[Numpy-discussion] Proposed Roadmap Overview
Mon Feb 20 11:28:19 CST 2012
2012/2/19 Nathaniel Smith <email@example.com>
> On Sun, Feb 19, 2012 at 9:16 AM, David Cournapeau <firstname.lastname@example.org>
> > On Sun, Feb 19, 2012 at 8:08 AM, Mark Wiebe <email@example.com> wrote:
> >> Is there a specific
> >> target platform/compiler combination you're thinking of where we can do
> >> tests on this? I don't believe the compile times are as bad as many
> >> suspect, can you give some simple examples of things we might do in
> >> you expect to compile slower in C++ vs C?
> > Switching from gcc to g++ on the same codebase should not change much
> > compilation times. We should test, but that's not what worries me.
> > What worries me is when we start using C++ specific code, STL and co.
> > Today, scipy.sparse.sparsetools takes half of the build time of the
> > whole scipy, and it does not even use fancy features. It also takes Gb
> > of ram when building in parallel.
> I like C++ but it definitely does have issues with compilation times.
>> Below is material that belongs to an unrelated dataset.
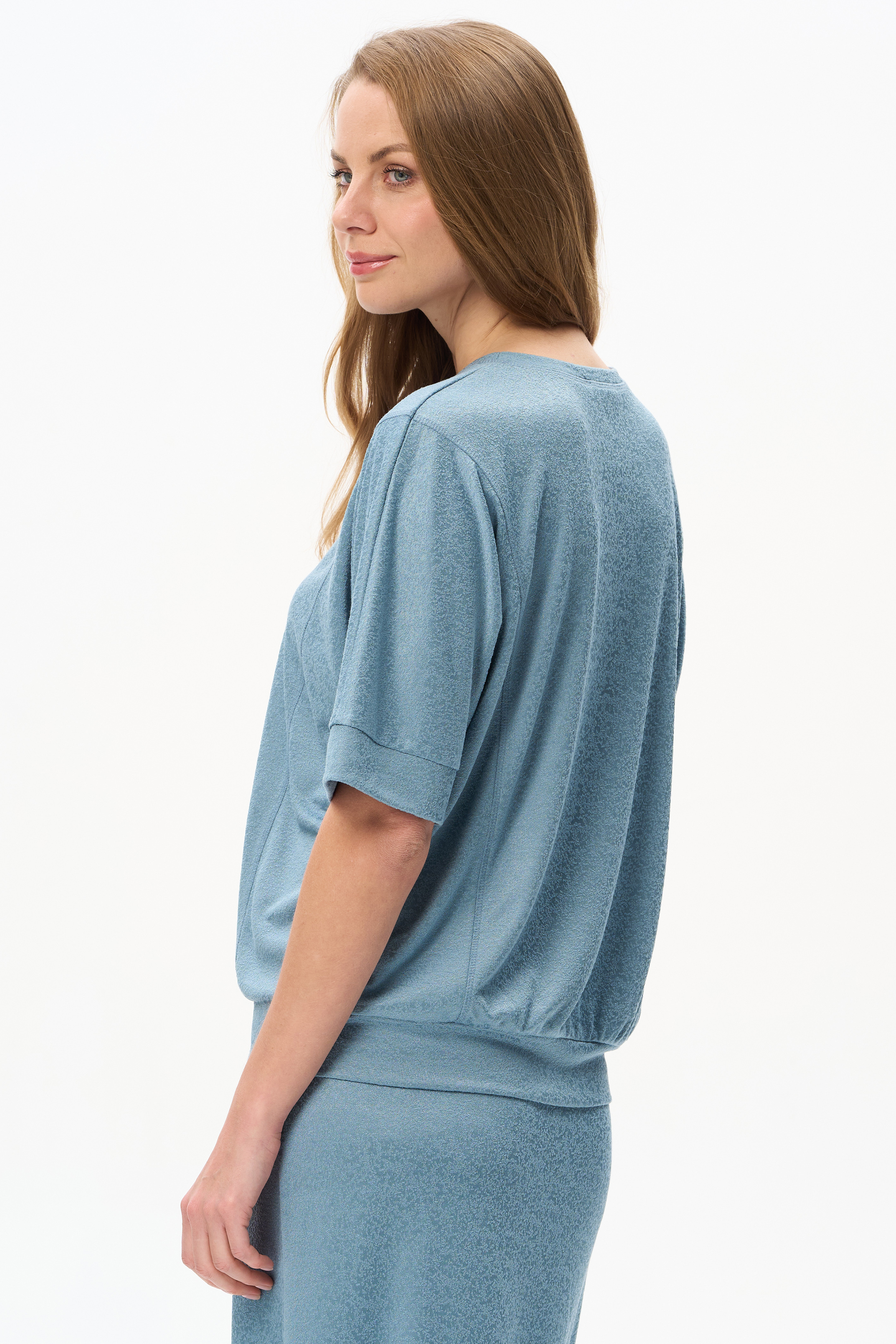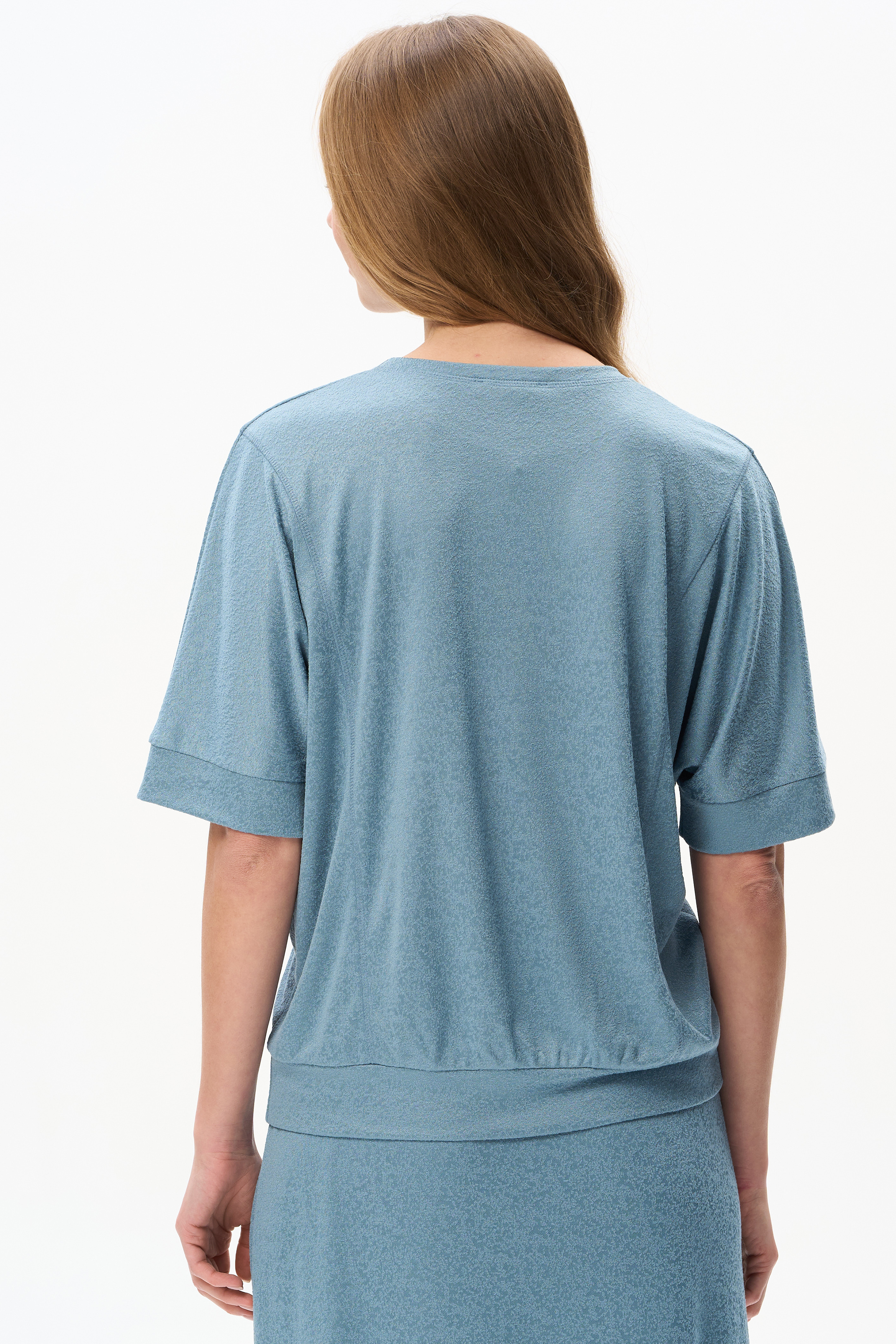80% вискоза/ 15% полиэстер/ 5% эластан Джемпер из вискозного жаккарда 230 гр с красивой фактурой и благородным блеском. Модель с цельнокроенными рукавами длиной до локтя и широкой планкой по низу рукавов. По рельефам - отделочная строчка в цвет полотна. Джемпер на планке по низу изделия для комфортной посадки.Идеально сочетается с юбкой из жаккарда. Рост модели 175 см

> IIRC the main problem is very simple: STL and friends (e.g. Boost) are
> huge libraries, and because they use templates, the entire source code
> is in the header files. That means that as soon as you #include a few
> standard C++ headers, your innocent little source file has suddenly
> become hundreds of thousands of lines long, and it just takes the
> compiler a while to churn through megabytes of source code, no matter
> what it is. (Effectively you recompile some significant fraction of
> STL from scratch on every file, and then throw it away.)
In fact Boost tries to be clean about this. Up to a few minor releases of
GCC, their headers were a mess. When you included something, a lot of
additional code was brought, and the compile-time exploded. But this is no
longer the case. If we restrict the core to a few includes, even with
templates, it should not be long to compile.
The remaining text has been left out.